▸ SUPPLIED DATA
---------------

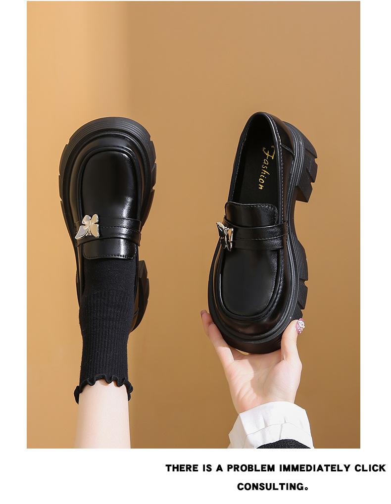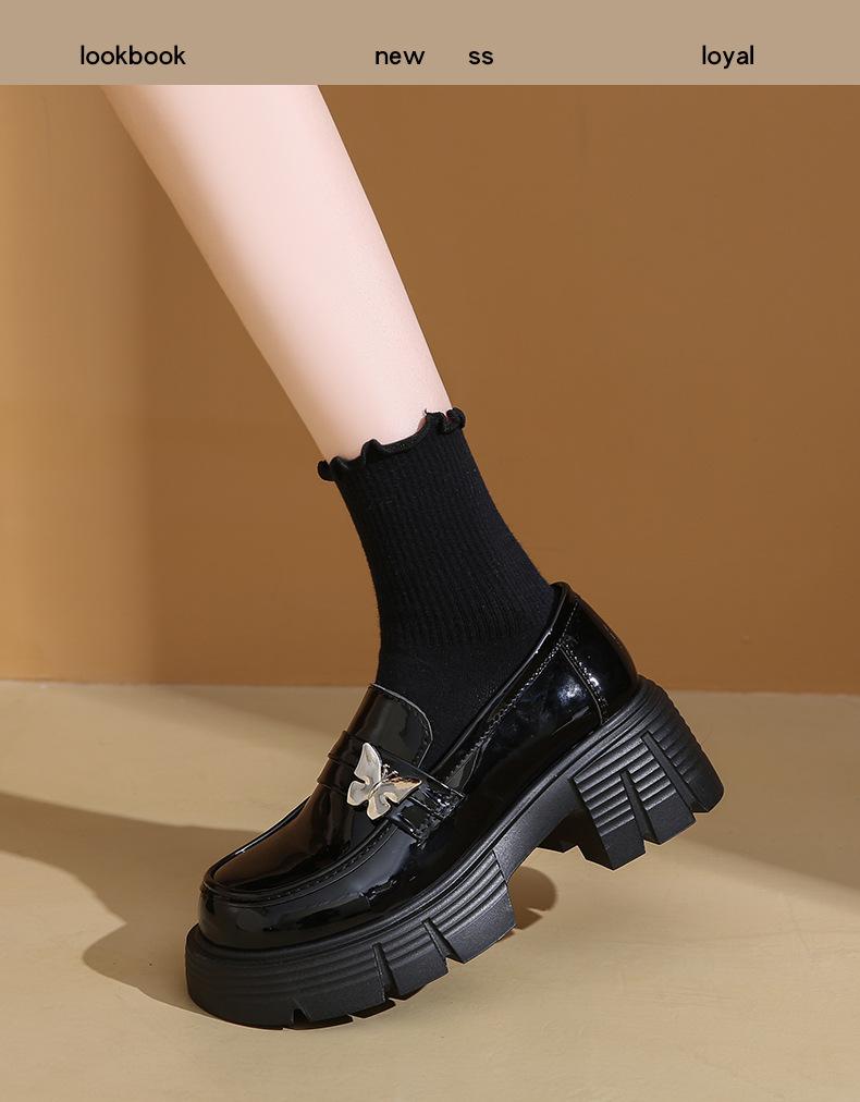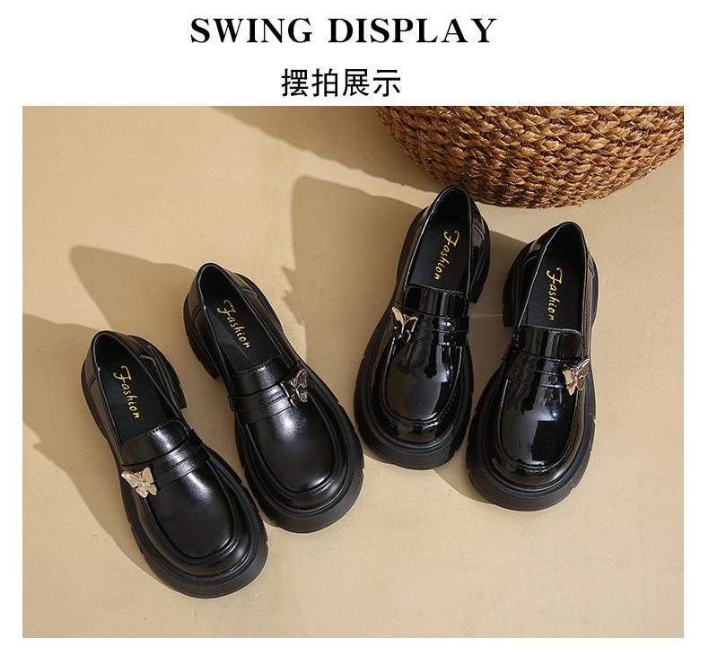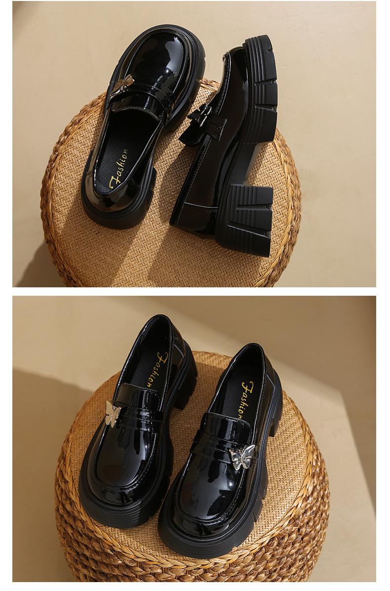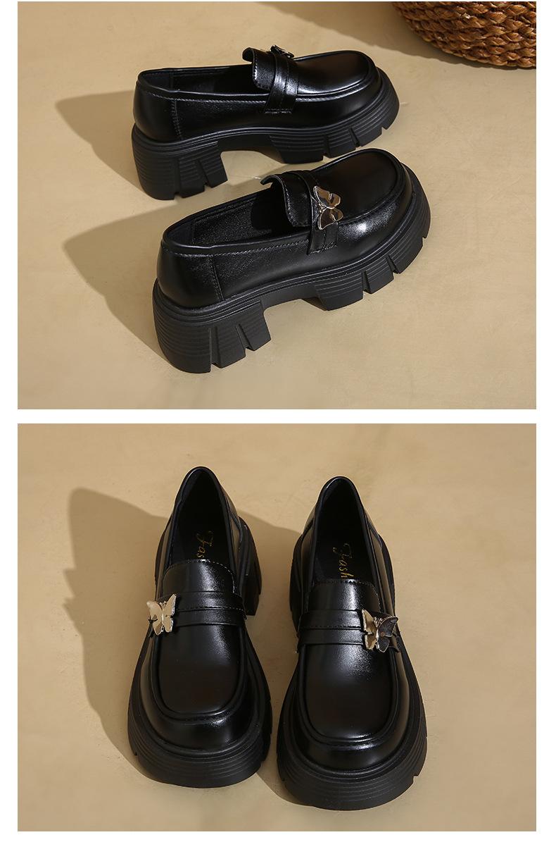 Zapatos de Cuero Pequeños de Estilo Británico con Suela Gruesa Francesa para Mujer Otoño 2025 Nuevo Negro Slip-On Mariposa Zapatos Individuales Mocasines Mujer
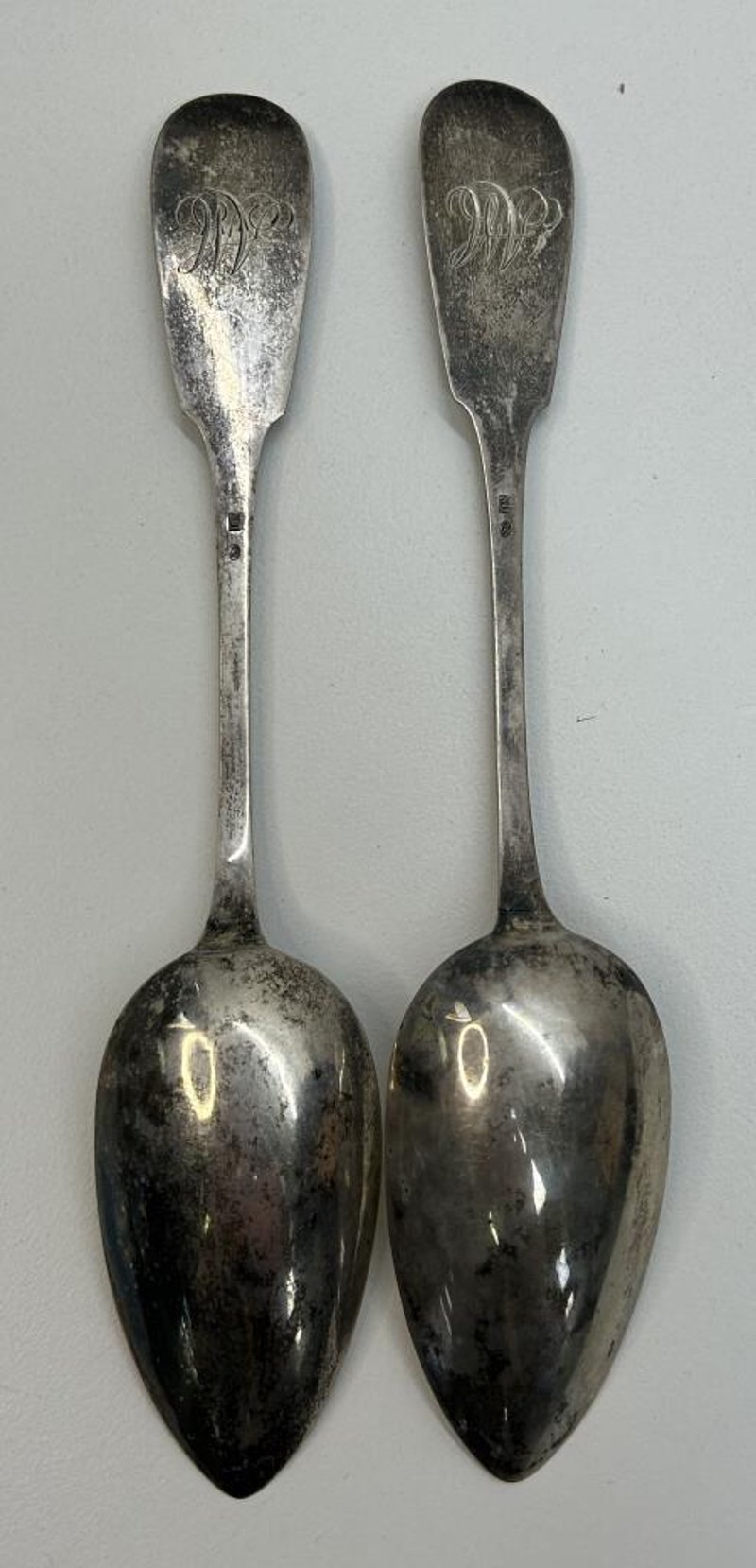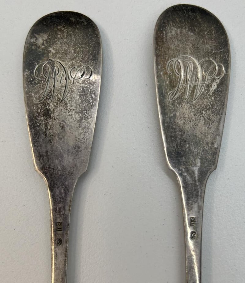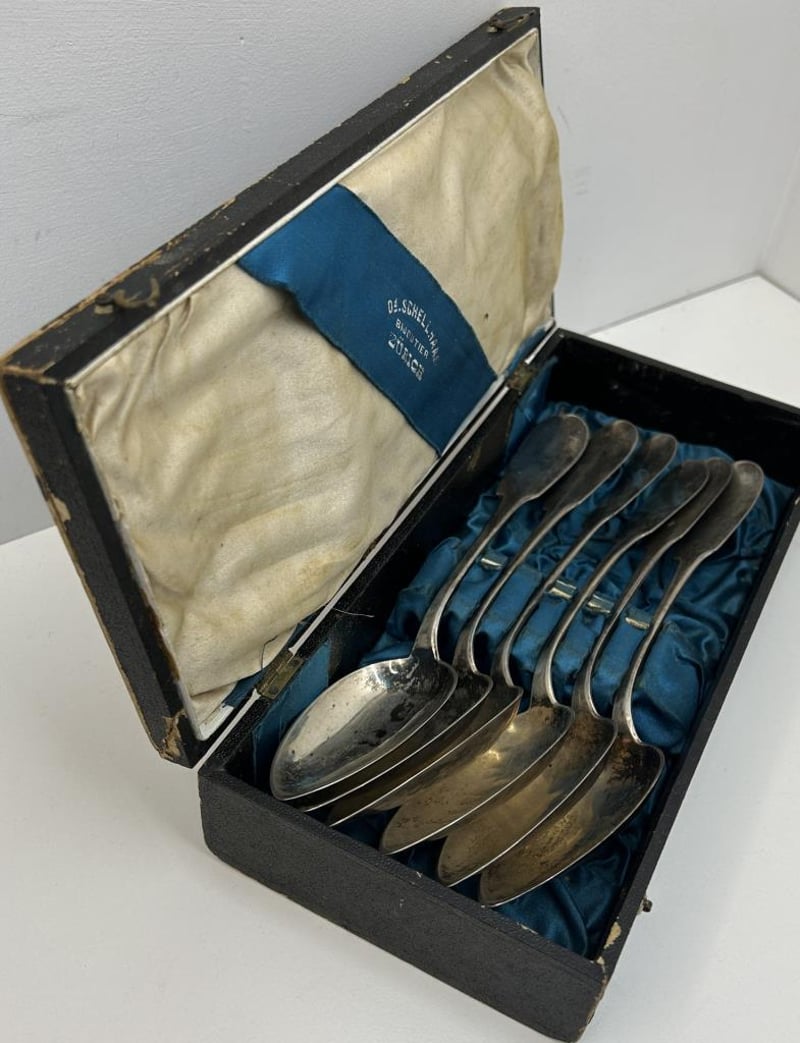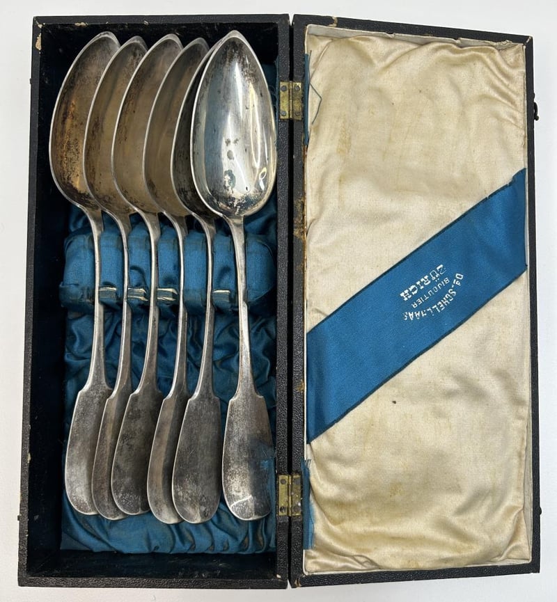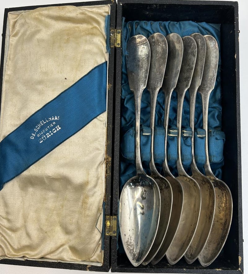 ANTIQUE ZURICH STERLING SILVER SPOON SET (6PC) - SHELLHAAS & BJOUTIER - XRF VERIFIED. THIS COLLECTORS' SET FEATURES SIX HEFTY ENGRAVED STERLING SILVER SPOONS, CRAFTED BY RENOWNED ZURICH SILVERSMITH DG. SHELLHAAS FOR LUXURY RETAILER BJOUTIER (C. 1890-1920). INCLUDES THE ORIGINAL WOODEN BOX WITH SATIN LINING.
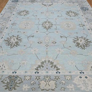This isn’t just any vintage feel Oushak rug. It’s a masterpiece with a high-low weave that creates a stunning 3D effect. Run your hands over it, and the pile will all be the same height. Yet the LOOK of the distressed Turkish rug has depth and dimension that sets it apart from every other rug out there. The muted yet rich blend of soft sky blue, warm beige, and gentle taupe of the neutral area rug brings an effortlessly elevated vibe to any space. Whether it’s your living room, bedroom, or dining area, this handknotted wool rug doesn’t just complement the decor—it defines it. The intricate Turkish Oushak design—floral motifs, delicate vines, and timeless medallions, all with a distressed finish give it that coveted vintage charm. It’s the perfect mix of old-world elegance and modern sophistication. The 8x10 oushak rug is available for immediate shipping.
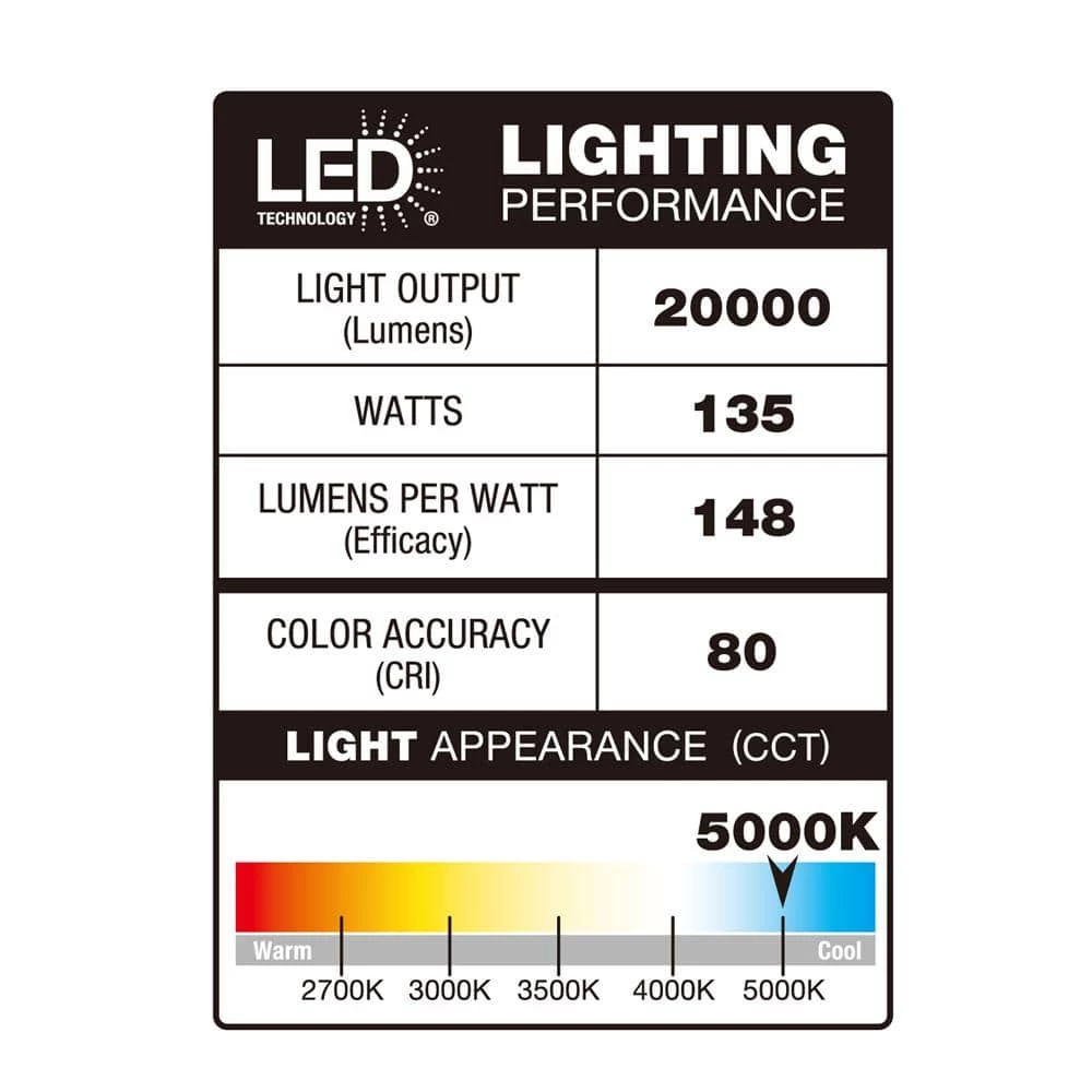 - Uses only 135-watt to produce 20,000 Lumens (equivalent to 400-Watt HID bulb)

---------------

▸ TASK BRIEF
Write out the listing above again, exactly, but with no pictures in the copy.

▸ OUTPUT OF THE EXERCISE
 Zapatos de Cuero Pequeños de Estilo Británico con Suela Gruesa Francesa para Mujer Otoño 2025 Nuevo Negro Slip-On Mariposa Zapatos Individuales Mocasines Mujer
 ANTIQUE ZURICH STERLING SILVER SPOON SET (6PC) - SHELLHAAS & BJOUTIER - XRF VERIFIED. THIS COLLECTORS' SET FEATURES SIX HEFTY ENGRAVED STERLING SILVER SPOONS, CRAFTED BY RENOWNED ZURICH SILVERSMITH DG. SHELLHAAS FOR LUXURY RETAILER BJOUTIER (C. 1890-1920). INCLUDES THE ORIGINAL WOODEN BOX WITH SATIN LINING.
This isn’t just any vintage feel Oushak rug. It’s a masterpiece with a high-low weave that creates a stunning 3D effect. Run your hands over it, and the pile will all be the same height. Yet the LOOK of the distressed Turkish rug has depth and dimension that sets it apart from every other rug out there. The muted yet rich blend of soft sky blue, warm beige, and gentle taupe of the neutral area rug brings an effortlessly elevated vibe to any space. Whether it’s your living room, bedroom, or dining area, this handknotted wool rug doesn’t just complement the decor—it defines it. The intricate Turkish Oushak design—floral motifs, delicate vines, and timeless medallions, all with a distressed finish give it that coveted vintage charm. It’s the perfect mix of old-world elegance and modern sophistication. The 8x10 oushak rug is available for immediate shipping.
 - Uses only 135-watt to produce 20,000 Lumens (equivalent to 400-Watt HID bulb)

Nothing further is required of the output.